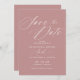 Simple and elegant save the dates featuring "Save the Date" text in a vintage-inspired script. Muted mauve-pink color background.
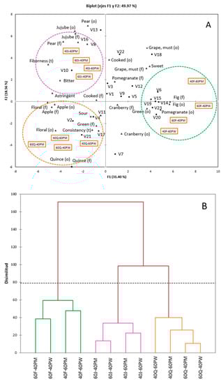 - Partial products in appropriate proportions preparation: purée and juices samples, immediately after their preparation, were mixed in the proportions 40:60 (40F:60 PM; 40F:60PW; 40J:60 PM; 40J:60PW; 40Q:60 PM; 40Q:60PW) and 60:40 (60F:40 PM; 60F:40PW; 60J:40 PM; 60J:40PW; 60Q:40 PM; 60Q:40PW), obtaining 12 samples. Then, the products were heated to 100 °C, put into glass jars (130 mL) and pasteurized (10 min at 90 °C).
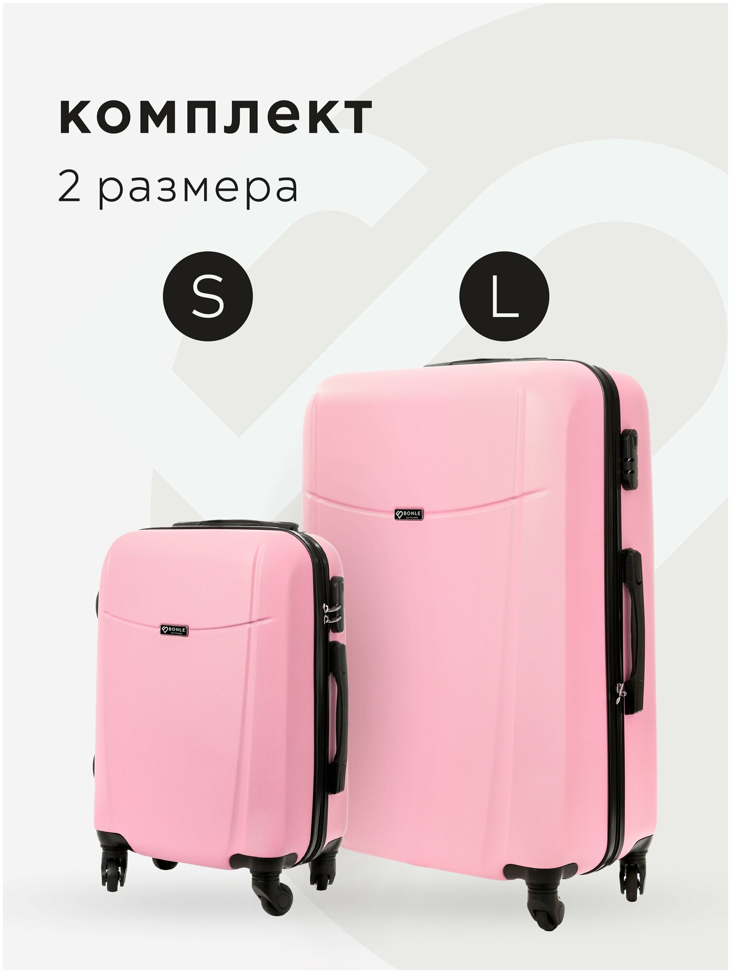 Купить Комплект чемоданов 2шт, Тасмания, Нежно-розовый, размер L,S маленький, большой, ручная кладь,дорожный, не тканевый
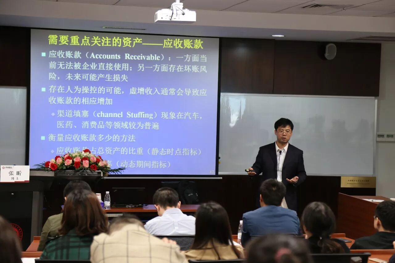 在短短的两三个小时中,张昕教授为大家讲解了与收益、风险相关的三种财务结构,分析了应收账款、存货、商誉、货币资金等需要重点关注的资产以及合理调整资产结构、优化资源配置需要关注的债务结构等内容,通过财务数据分析了不同行业中代表企业的财务状况与经营状况,如乐视网、青岛啤酒、南方航空、永辉超市、华谊兄弟等。讲座中张教授还介绍了综合分析公司总收益情况的杜邦分析法,并带领大家分析了几个公司的应收账款周转率和资产负债率的实际状况。张教授的精彩讲解,为来自各行各业的企业高级管理人员提供了许多理论知识和实战经验。
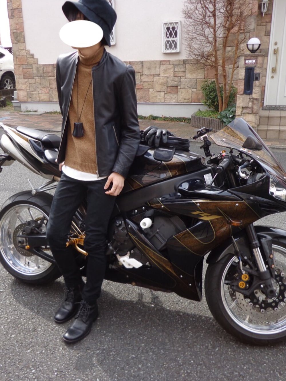 STUDIOUSとUNITEDTOKYOのシングルとダブルのレザージャケット両方ネットでポチッたのでまずはシングルを記念に撮ってもらいました。( ´ ▽ ` ) いつもの黒を基調にシンプルなコーデにしてみました。 (ついでに)後ろのバイクは今まで乗ってたR6からリッタークラスのR1に乗り換えたのでこっちも記念に笑笑
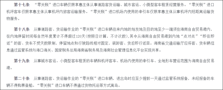 就算你通过企业渠道获得了购买资格,也会受到严格限制。首先,这辆车不能自由转让——即使因为特殊原因需要转让,转让前也应征得海口海关同意并办理相关手续,如果是转让给非享受优惠的主体还应补缴税款;其次,所有“零关税”进口车必须登记为营运性质,意味着15年就要报废;第三,这台车每年在海南以外地区累计停留不得超过120天。
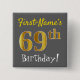 Grey, Faux Gold 69th Birthday, With Custom Name 2 Inch Square Button
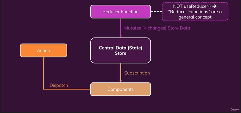 여기서 알아야 할 점은 리듀서 함수는 우리가 알고 있는 useReducer 훅과 다르다는 점이다.
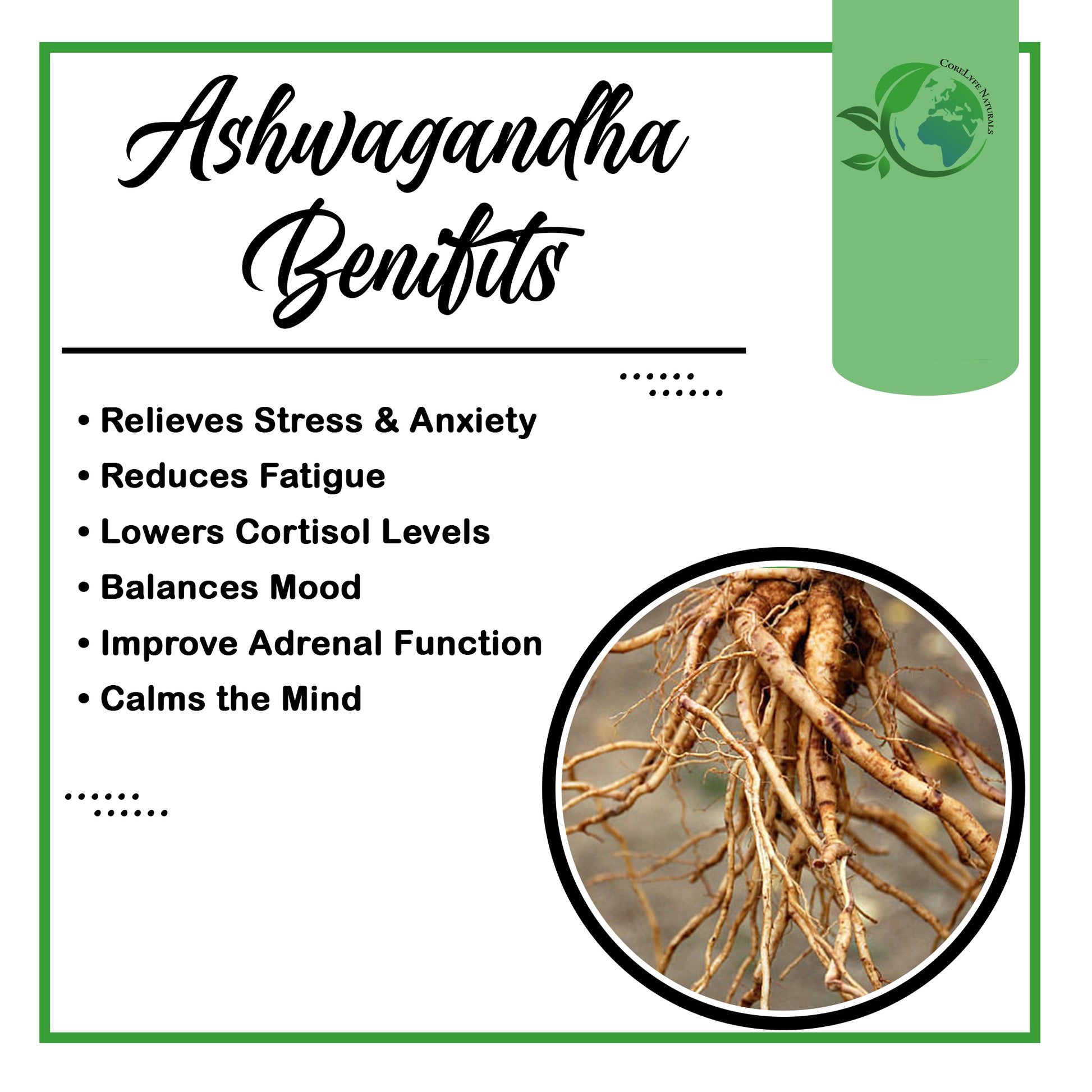 Reduce Stress & Anxiety : Ashwagandha is best known for its adaptogenic properties, reducing cortisol levels, helping the body manage stress.
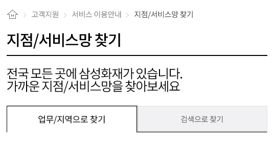 지점/서비스망 찾기 페이지(지점/서비스망 찾기 | 고객지원 - 삼성화재)에 접속하시면 업무/지역 또는 검색으로 찾을 수 있습니다. 센터별 서비스 및 업무내용은 다음과 같습니다.

***

[Task] Without the pictures, repeat the line with "Grey, Faux Gold" and every line after it to the end of the listing, and nothing else.

[Answer section]
 Grey, Faux Gold 69th Birthday, With Custom Name 2 Inch Square Button
 여기서 알아야 할 점은 리듀서 함수는 우리가 알고 있는 useReducer 훅과 다르다는 점이다.
 Reduce Stress & Anxiety : Ashwagandha is best known for its adaptogenic properties, reducing cortisol levels, helping the body manage stress.
 지점/서비스망 찾기 페이지(지점/서비스망 찾기 | 고객지원 - 삼성화재)에 접속하시면 업무/지역 또는 검색으로 찾을 수 있습니다. 센터별 서비스 및 업무내용은 다음과 같습니다.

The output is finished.